Elk NetworkMontana Wolf Population Remains Stable Through 2021

General | August 3, 2022

Below is a news release from Montana Fish, Wildlife and Parks.

Wolf numbers and distribution continue to be stable across Montana, according to numbers released Monday in the 2021 Montana Fish, Wildlife & Parks Wolf Report.

“What the data shows us really isn’t surprising,” said FWP Director Hank Worsech. “Our management of wolves, including ample hunting and trapping opportunities, have kept numbers at a relatively stable level during the past several years.”

In understanding this report, people must keep in mind that population trends are monitored by the calendar year, in this case 2021, which is consistent with how FWP and other agencies have tracked wolf populations since the 1980s and how wolf populations are tracked in other areas. However, the wolf hunting and trapping season ended March 15, 2022. The harvest realized during this first three months of 2022 isn’t reflected in the 2021 wolf population estimate.
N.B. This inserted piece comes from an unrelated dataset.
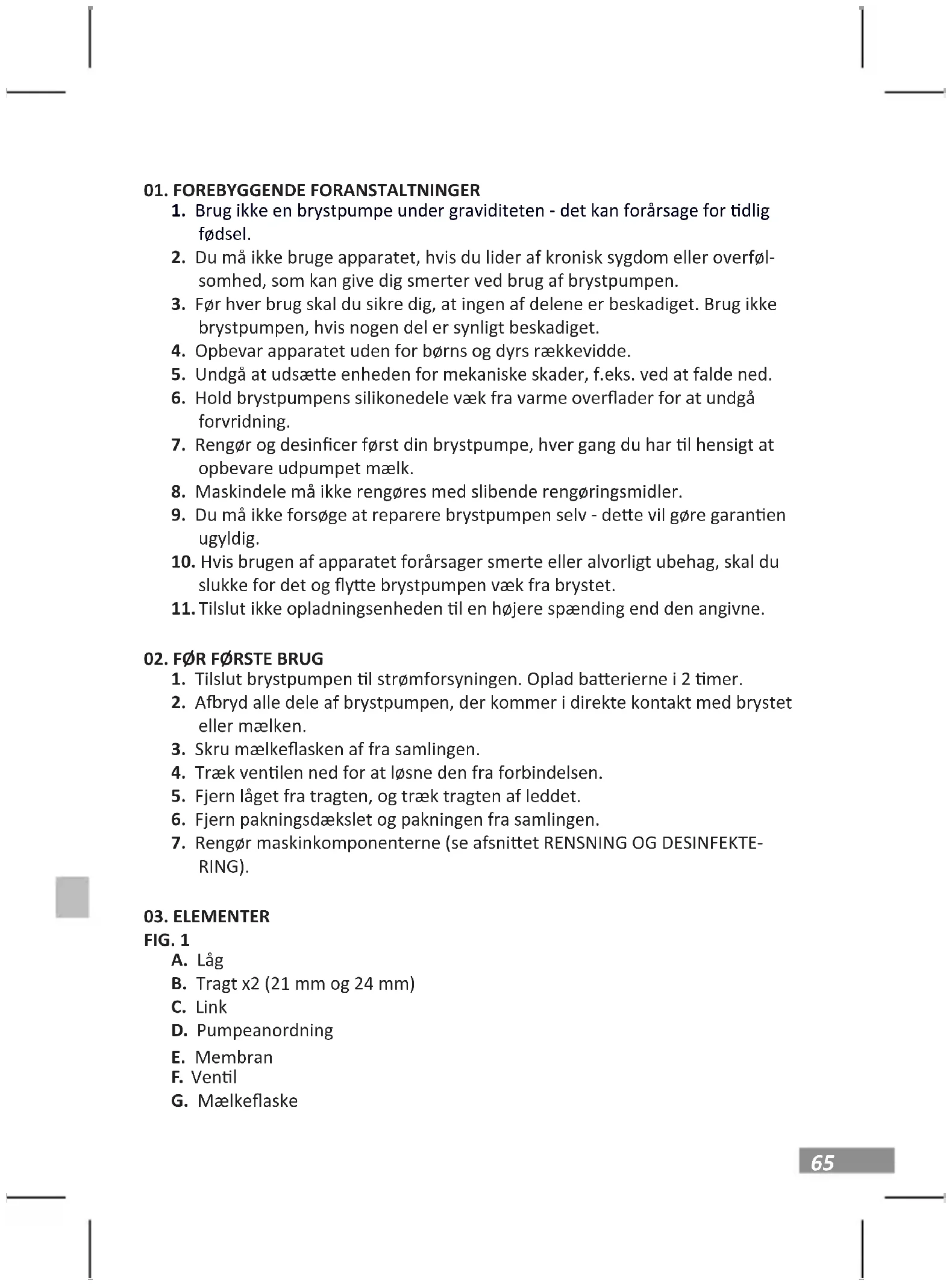 Vask og desincering er to forskellige operaoner. De skal udføres separat for at beskye dit barn og for at sikre, at brystpumpen fungerer korrekt. Vask - vask - vask af enhedens overade og ernelse af snavs. Desinfekon - dræber organismer som f.eks. bakterier eller vira, der kan være l stede på udstyrets overade. Tragt og tragtlåg, dele l brystpumpe (led, pakning, pakningsdæksel), aske og sut: Vask og desincer før første brug. Vask eer hver brug. Desinfekon en gang om dagen. BEMÆRK: - Adskil og vask alle maskindele, der kommer i kontakt med mælk, straks eer brug af maskinen. Dee vil erne eventuelle mælkerester og forhindre bakterievækst. - Brug kun drikkevand fra hanen l vask. Brug vand på aske, hvis vandet i din vandhane ikke opfylder dee krav. - Ved rengøring af venlerne må du ikke bruge børster. Pas på ikke at punktere67 venlen på vej ud. - Afmonter, vask og skyl alle dele af brystpumpen, der kommer i kontakt med mælk, undtagen pumpeanordningen. - Brug en mild opvaskemiddel eller sæbe, når du vasker brystpumpens dele. FIG. 3.A

Another interesting aspect of the data is that wolf trapping efforts were down this license year from past years. This means fewer trappers were on the landscape. Potential reasons for this include unfavorable weather conditions during the trapping season.

The 2021 Montana Legislature approved a suite of legislation that added more tools for hunters and trappers for harvesting wolves. The legislature also passed legislation directing FWP to manage wolves in a manner that would reduce numbers to a sustainable level above minimum recovery goals.

In response, the Fish and Wildlife Commission increased bag limits, allowed snaring outside of lynx protection zones, and extended the season. Additionally, the commission also set harvest threshold numbers in each FWP region and at a statewide scale that required them to reconvene if those harvest levels were met. Ultimately, the commission closed wolf season in southwest Montana early because the pre-established threshold was met.

“We are following the law,” Worsech said. “And are doing so in a way that provides certainty that wolf populations in Montana will remain off the Endangered Species List.”

By the numbers

The estimated wolf population in Montana at the end of 2021 is 1,144. This is down 40 wolves from 1,181 in 2020. This is not a statistically significant difference. In the last 10 years, wolf populations saw an estimated high of 1,256 in 2011 and a low of 1,113 in 2017. The small difference in these two numbers demonstrates a population trend that is very stable.

At the end of 2021, Montana had an estimated 192 wolf packs. This is down from an estimated 198 in 2020. In the last 10 years, estimated pack numbers have fluctuated from a high of 205 in 2012 to a low of 186 in 2017.


FWP employed new population estimation methodology in 2007, called integrated patch occupancy model (iPOM). This methodology has undergone a scientific peer review both of its individual components and the cumulative process as a whole.

iPOM pulls together a variety of different sources of data, including information from FWP biologists, to produce population and distribution estimates. Another important source of data comes from hunter harvest surveys that are conducted by FWP every year. These surveys ask deer and elk hunters if they saw wolves while hunting and, if so, where. These surveys are done after hunting season and are necessary to make an accurate estimate.